Bridges
Many of the important innovations in the technology of iron and steel occurred in civil engineering, especially bridge building.
Though not, strictly speaking, a part of the present story, the importance of bridges in iron construction cannot be overlooked. They were, and have remained, the main advertisement of what could be done with iron, and they provided a testing-ground for developments which later found application in other spheres.
The first major iron structure in Britain was a bridge at Coalbrookdale that was constructed between 1777 and 1781.
The first and most effective symbol for the industry was the Iron Bridge at Coalbrookdale 1777-81. Designed by Thomas Farnolls Pritchard in conjunction with the ironmaster Abraham Darby III, the 100ft. 6in. (31 metre) span arches, plus their bracing and subsidiary ribs, were put together like timber construction. The castings are threaded through each other, or are mortised and fixed by wedges: there are few bolts and no rivets.

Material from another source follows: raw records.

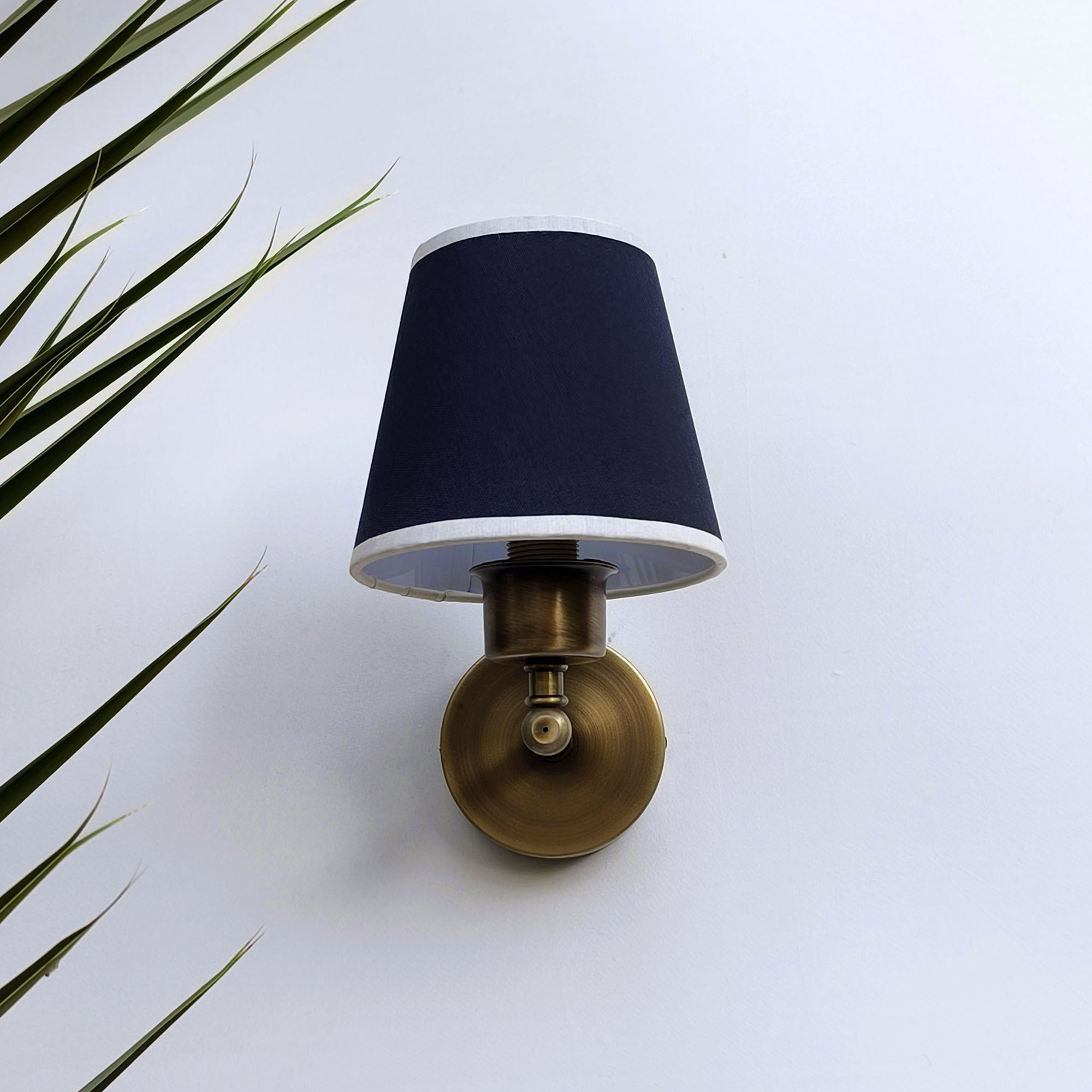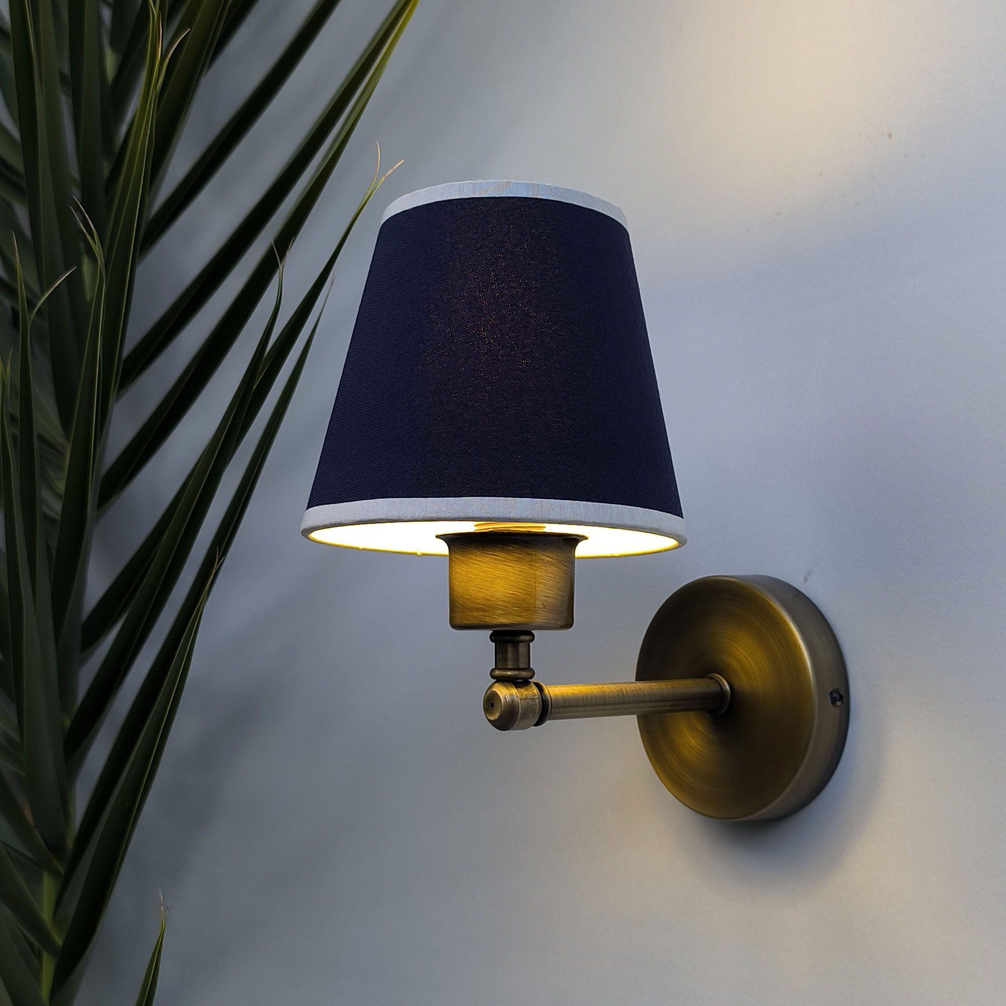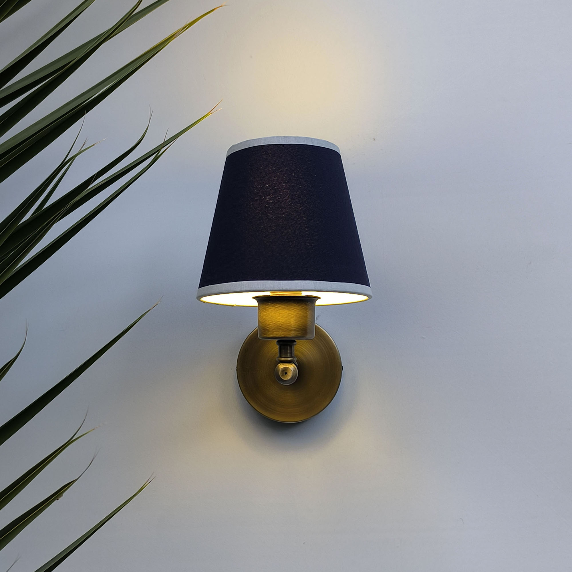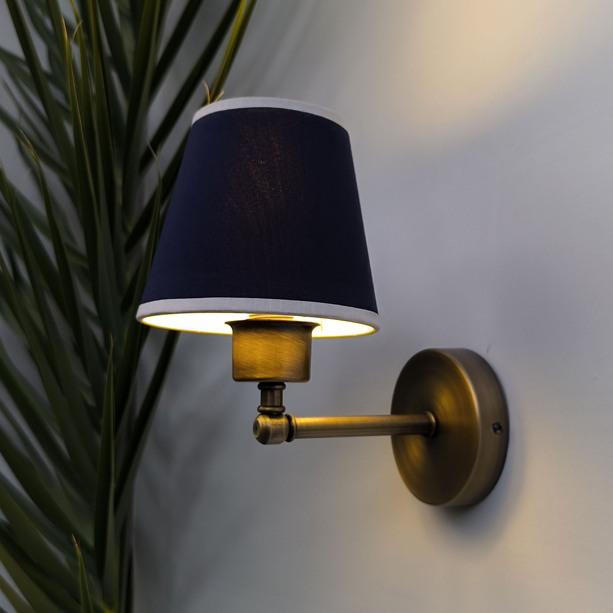 Modern Aplikler: Mini Glow Vintage Gold Duvar Apliği Lacivert Başlıklı Beyaz Biyeli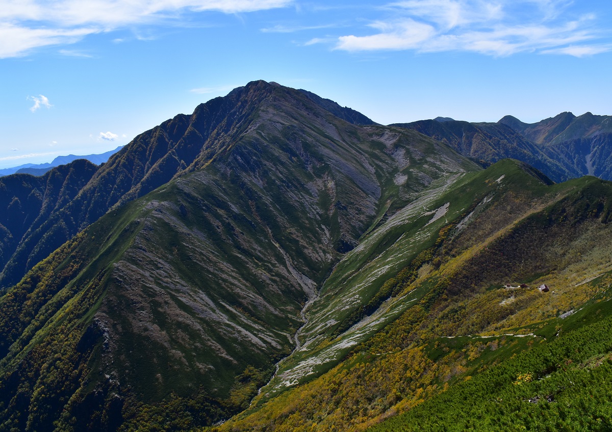 こちらから見ると、V字谷がよく見えます。南アルプスは降雨が多く、地形が流水によって削られやすく、その結果出来る特徴的な地形が、このV字谷です。雑誌などでは花の時期が取り上げられていますが、紅葉の時期は山そのものがより大きく見えるので、個人的に大好きな構図です。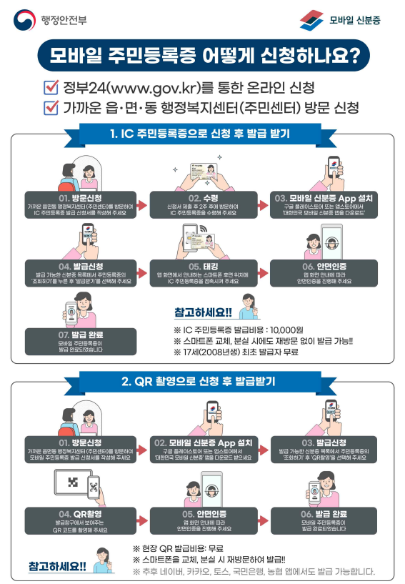 - IC 주민등록증을 스마트폰에 접촉하여 발급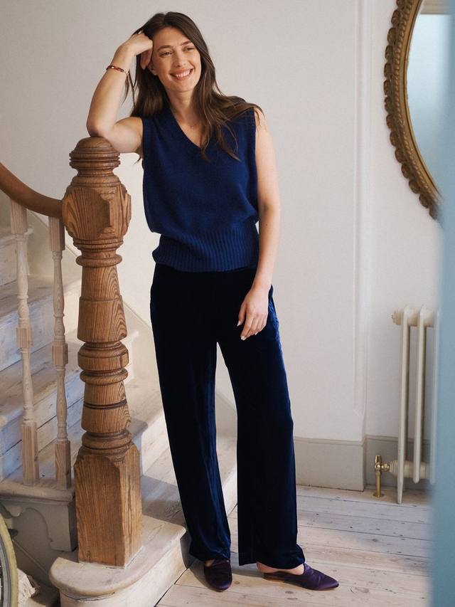 Бархатные брюки, которые отлично дополнят ваш смокинг и обеспечат домашний уют. Широкий силуэт Thea выполнен из мягкой, роскошной бархатной смеси, имеет аккуратный плоский пояс спереди и резинку сзади.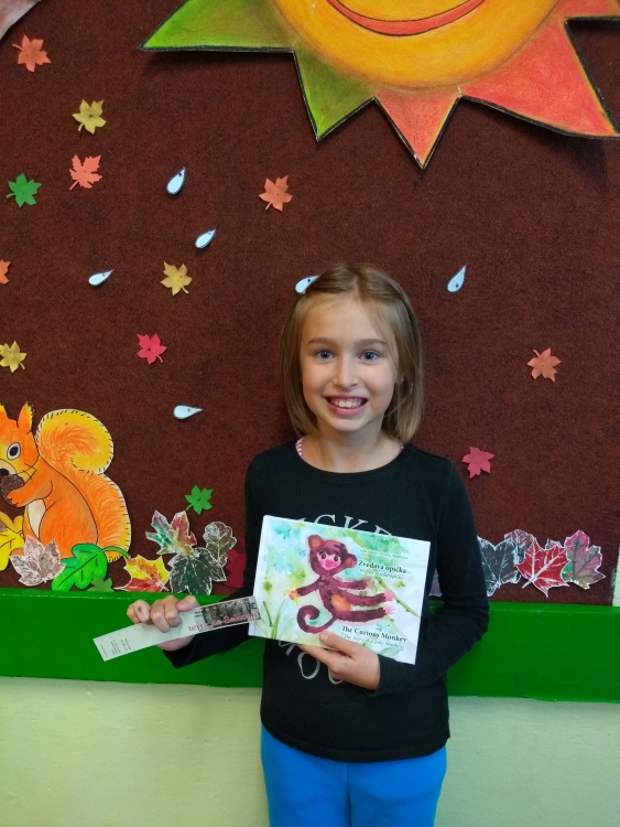 V našej triede žabiek III.ŽB sa veru nájdu veľmi šikovné deti. Je ňou aj naša Julia Samec, ktorá už v prvej triede skúsila, aké je to napísať knihu. Samozrejme jej trochu pomohli aj dospelí. Vymyslela príbeh o zvedavej opičke. Príbeh si môžete prečítať v slovenskom a dokonca aj v anglickom jazyku. Našej spisovateľke držíme palce, aby sa jej aj naďalej darilo. Knihu si môžete objednať cez web v kníhkupectve Martinus alebo priamo kúpiť v kamennom obchode. Tak hor sa čítať!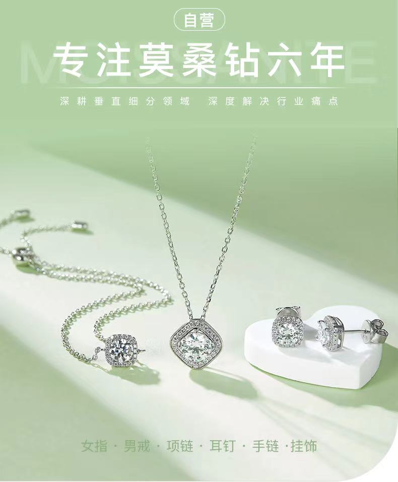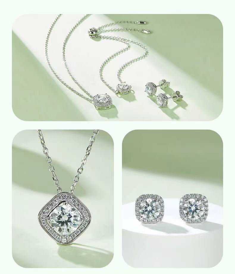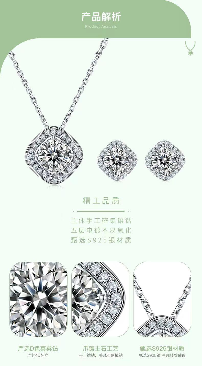 豪华方包S925银镀白金莫桑钻耳钉1.5ct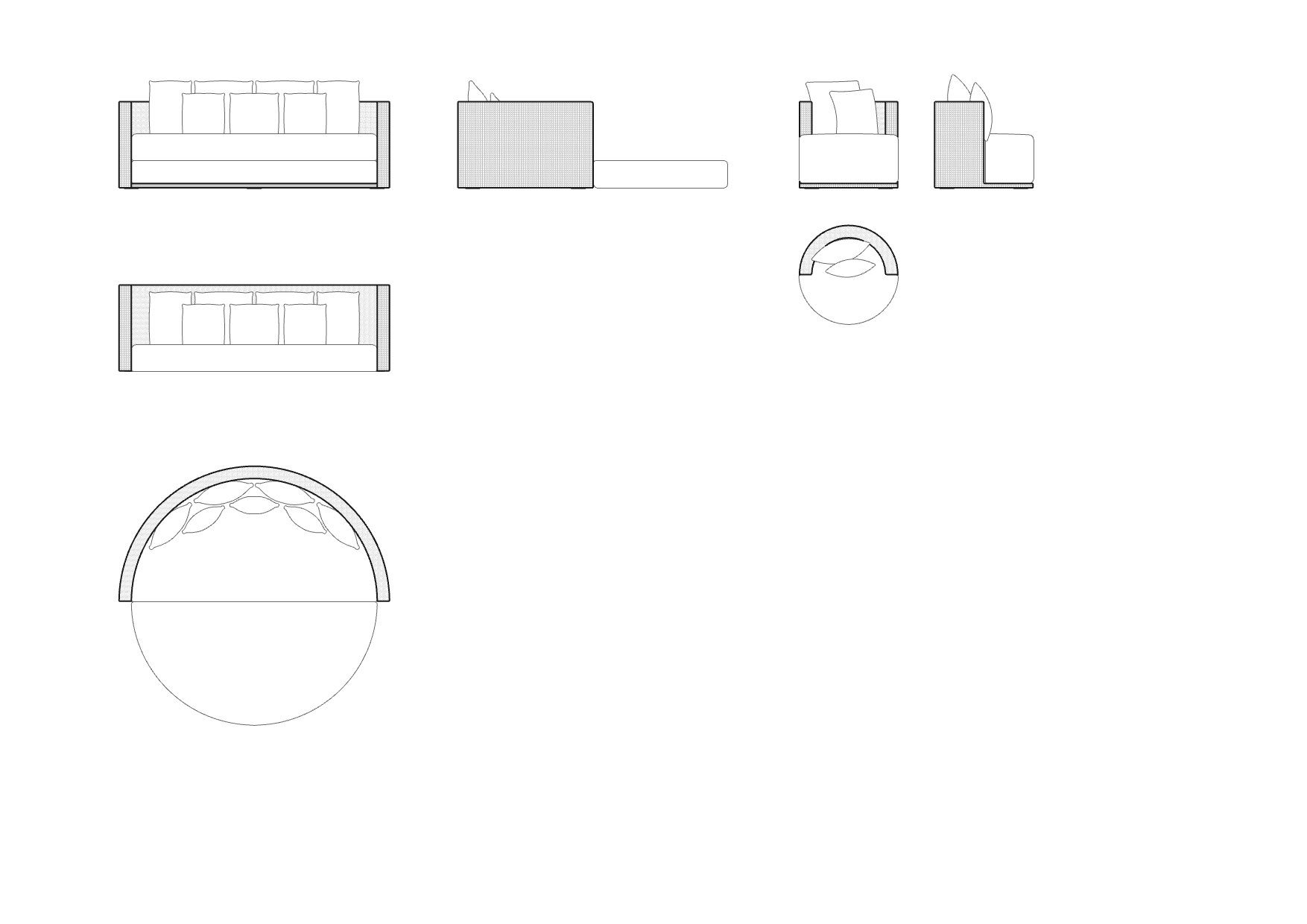 The padding is in polyurethane foam, covered with an easily removable and washable basic category Ecru fabric, or another category with colors and patterns that can be viewed under "Indoor Fabrics".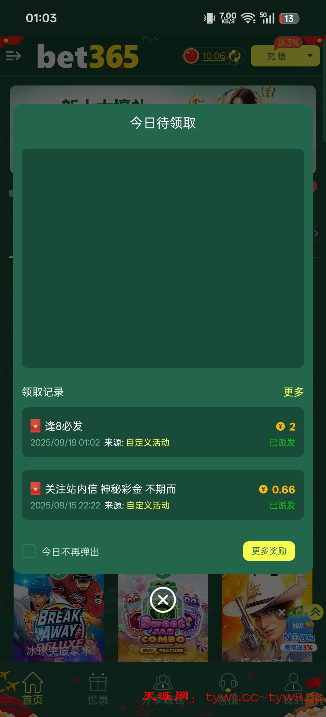 老用户上号看看逢8彩金,之前就打的38+38送的10r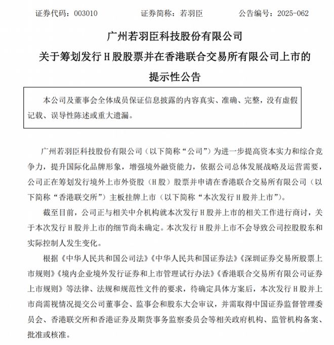 8月6日,若羽臣发布公告,公司正在筹划发行境外上市外资股(H股)股票并申请在港交所主板挂牌上市,目前正与相关中介机构进行商讨,发行细节尚未确定。

Thomas Telford, who was responsible for extensive canal and road building projects, was an early exponent of iron bridges.
As a pioneer work, the Iron bridge at Coalbrookdale has fully deserved all the attention has received, but in the development of cast iron bridges it was less influential than its successors, particularly those designed by Thomas Telford. Telford's 170ft. (52 metre) span My the Bridge at Tewkesbury 1823-6 is both more logical and elegant.Telford was an enthusiastic exponent of single arch iron bridges and used them extensively in his canal and roadbuilding projects. His most ambitious projects, the 1800 proposal for a 600 ft. (183 metre) span London Bridge and the 1811 scheme for a 500ft. (152 metre) arched bridge over the Menai Strait on the London to Holyhead road, were not executed but their publication drew attention to the potential of the emerging iron technology. The Menai scheme was superseded by the first version of a suspension bridge design which, after many modifications, was finally built in 1819-26. As seen today, the suspension chains are not original, and the decks have been widened, but essentially the bridge is as he knew it. At Clifton, near Bristol his suspension design for crossing the Avon Gorge was set aside in favour of a scheme put forward by I.K. Brunel. Begun in 1836, that project foundered, to be finally completed in 1864 as an act of piety by Brunel's fellow engineers.


The tubular wrought iron Britannia Railway Bridge over the Menai Straits set an important precedent not only for the widespread use of this material for major structures but also for the design and construction techniques that were employed.
The problem of establishing a railway connection across the Menai Strait, near to Telford's suspension bridge, occasioned the most dramatic advances in the understanding of the behaviour of iron. Cast iron arches were not feasible for navigational reasons, so Robert Stephenson first of all conceived of a series of suspended tubes, of circular or elliptical section, through which trains would run. As built in 1845-50, the masonry towers of the Brittania Bridge had openings for suspension chains, but the tubes were self-supporting box girders with cellular flanges, 460ft. (140 metres) long on the principal spans. The omission of the chains, whether Stephenson's idea or, more likely, attributable to his collaborators William Fairbairn and Eaton Hodgkinson, symbolised a major advance in the use of wrought iron. It proved not only the superiority of the rectangular tube made up of riveted wrought iron plates but, what in the long run was more important, the necessity of scientific calculation testing as the basis of engineering design.

From around 1850, the lattice truss in wrought iron became the standard configuration for long-span bridge.
The Brittainia Bridge did not produce a large progeny of similar designs. Instead the lessons from it emerged in the more logically thought-out bridge trusses which became the standard types after 1850. Some of the most popular lattice and triangular types started life as combinations of timber and wrought iron, for instance the Howe truss (patented in 1840-1) and the Pratt truss (patented in 1844), but eventually all-iron versions were preferred. The simple equilateral triangles of the Warren Truss, so named in 1848 though in use before, became the most familiar of all work in railway bridges and the spanning of wide architectural spaces.